Ironically, this is an area where it makes sense to go back to a linear accelerator. Humans can survive ~50 gees for a short duration. Their lungs would collapse and maybe they’d burst some blood vessels, but a healthy young adult would be ok for the time it takes to accelerate. But that wouldn’t work for Spinlaunch, since it spends so much time at a high gee load. Even 5 gees for an extended period is a bit of a stretch.
Once the centrifuge releases you, you’re fine. You go from 10,000 gees down to whatever the rocket is at–around 1.5-5 gees, depending on the design.
Of course!
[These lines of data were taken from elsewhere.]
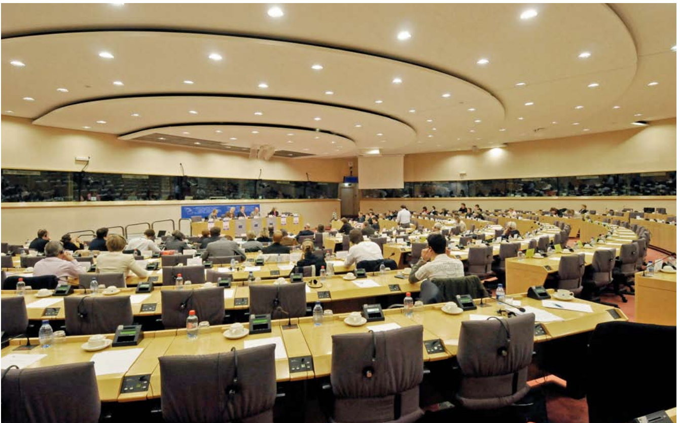
Die Ausschüsse bereiten mit ihrer inhaltlichen Arbeit die Entscheidungen des Europäischen Parlaments vor.

Eine Übersicht über wichtige Ansprechpartner in den wirtschaftsrelevanten Ausschüssen des Europäischen Parlaments findet sich im Anhang.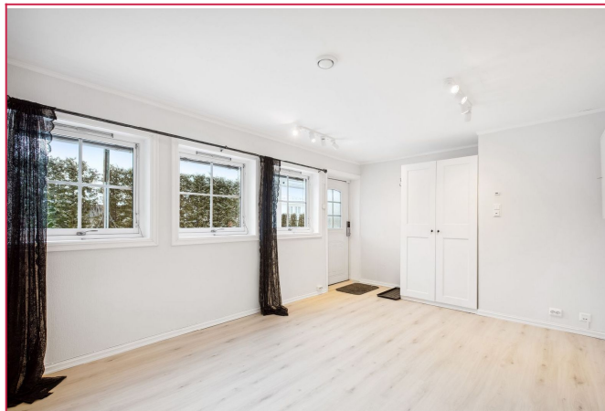
Lys og pen stue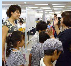
社内見学のようす。 配偶者の方も興味津々。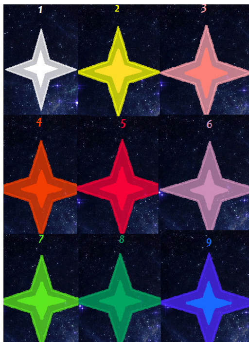
Схема развития души в теории «Астротеизм»

9 «синий» – этап последней и самой совершенной многолучевой звёздочки цвета «Индиго» традиционно женский. Вопреки ложному стереотипу, постепенно достигнуть высшей степени просветления может каждый землянин, а не только инопланетные гости. Индивиды-индиго облагораживали земной мир ещё с древности, с тех самых пор, как появилась разумная и развивающаяся духовная жизнь. Но такая внутренняя энергия души бывает только у девочек, поскольку ангельский и божественный астрал должен иметь материнские свойства. Это энергия жизни, созидания, самопожертвования, любви и мудрости.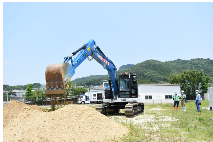
遠隔操縦式バックホウ説明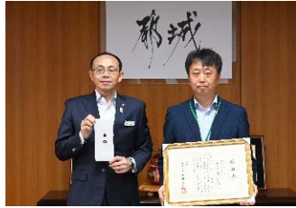
②7月20日/宮崎県都城市

You can tell I’m no physicist!
I wonder if it’s possible to make an accelerator that proactively tilts it’s angle away from the earth so the object being spun is at the zenith of the tilt at all times? So gravity cancels out the centrifugal force. (Does all this even make sense?)
Question,
if I got one of these on the Moon, would it be an effective weapon? Could one bombard specific places on Earth with Moon boulders? Say Maastricht in the Netherlands, How much impact would a payload have?
#SuspiciouslySpecific
How does a payload survive traveling through the Earth’s lower atmosphere at ~5 miles per second?
Gingerly
Does this produce a wee bit of sonic boom?
Yes, but not because of the acceleration. It’s at about mach 6.5 at release, so this definitely produces a sonic boom. Inside the centrifuge it’s a vacuum, or nearly so–they have a membrane that the projectile punches through to exit, and I think eventually they’ll have some fast-acting door. So things do get exciting at exit.
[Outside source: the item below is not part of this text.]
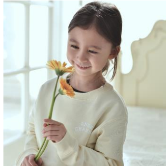
カレッジロゴスウェット キッズ/3色展開/3サイズ 3,500円（税抜） ※大人リンクアイテムあり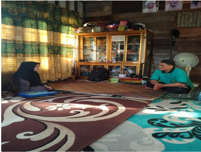
Bapak N (Tokoh Masyarakat)

I should note that sonic booms don’t happen because an object is transitioning from subsonic to supersonic, or vice versa. They’re actually continuous. We just perceive them as a boom because all the energy is compressed into a shockwave that passes us in a moment. But the shockwave itself is always there, being swept along the ground.
It’s not quite that fast–more like 1.4 miles/sec. But that’s still pretty fast. It’s encased in a carbon fiber container with a metal tip (looks like a copper alloy from the pics). It should get above the atmosphere pretty quickly, so using a thermally conductive metal should allow it to draw away the heat until air drag isn’t a problem. The X-15 went almost that fast, through to be fair not at sea level. ICBMs do the reverse and they manage to survive.
Wouldn’t be of much use. It’s true that the object experiences less force on the upper part of the swing than the lower. Same reason you feel weightless going over a hill on a roller coaster, and heavier going through a valley. But it averages out to the same amount, so it won’t help you any.
The other reason is that gravity is just tiny compared to the centripetal force. It’ll experience 9,999 gees at the upper part of the swing and 10,001 gees at the lower. Just not enough to consider.
This was a 2021 article I thought interesting.
This is fine:
Don’t worry–the orange stuff is just nitrogen tetroxide. Perfectly safe. Kids drink the stuff. Nothing to see here.
I hope nitrogen tetroxide at least doesn’t persist in the environment thanks to its high reactivity.